IriSys was challenged to develop an intravenous formulation of a neutral, poorly water soluble compound at a high dose. IriSys was requested to improve an existing cyclodextrin-drug formulation where a 30% cyclodextrin component provided the high dose concentration requirement. However, there was concern about the toxicity of the high percentage of cyclodextrin increasing potential for a regulatory approval delay. A backup formulation without cyclodextrin and based on surfactants and organic co-solvents was developed. IriSys performed a multivariate solubility and compatibility study in which the variables were co-solvent type, co-solvent concentration, surfactant type, and surfactant concentration. Binary, ternary, and quaternary systems were studied and prototype formulations prepared that were subsequently tested for solubility, pH value, osmolality, and chemical stability. During the study it became apparent that process parameters influenced solubility and stability. These were studied and modified, as appropriate. IriSys successfully eliminated the cyclodextrin from the formulation and was able to increase the drug concentration by 100%.

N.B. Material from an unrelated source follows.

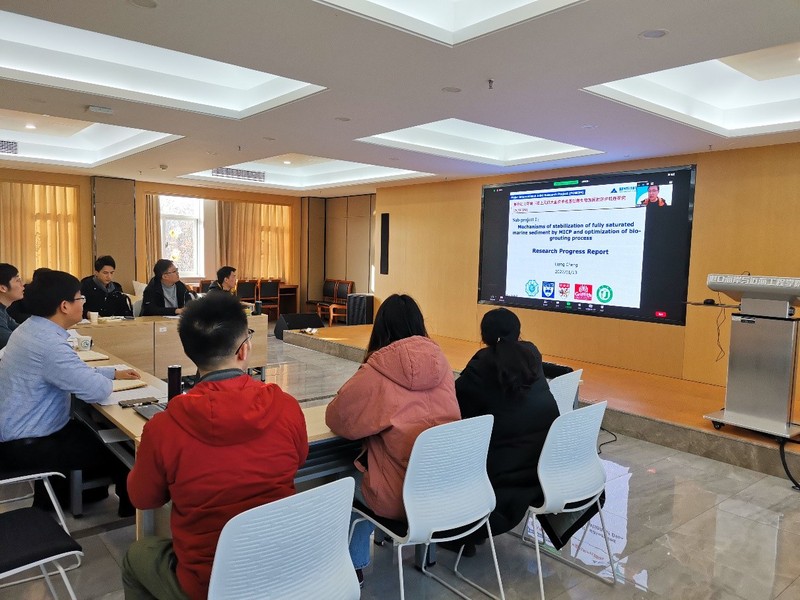 2021年1月13日上午,项目负责人郑金海教授采用线上线下相结合方式在严恺馆702会议室主持召开国家自然科学基金委重点国际合作基金项目(51920105013)“复杂动力环境下海上风机大直径单桩基础微生物加固的防护机理研究(POW3M)” 2021年度工作研讨会。

IriSys was requested to develop a hard gelatin liquid-filled capsule formulation to reduce intersubject bioavailability variability of a poorly water soluble, high dose compound.  Preformulation studies were performed.  Based on the physical chemical characteristics of the compound, excipient compatibility studies were conducted.  A saturation solubility study in lipophilic excipients showed that there were no individual solvents that provided sufficient solubility or that were compatible with hard gelatin capsules.  The study was expanded to include binary and ternary excipient systems that would provide adequate solubility and be compatible with hard gelatin capsules.  A formulation was selected and studied for stability.  The final formulation of the hard gelatin liquid-filled capsule was stable and over time demonstrated compatibility with the non-active components.  Dissolution testing showed complete release in 30 minutes.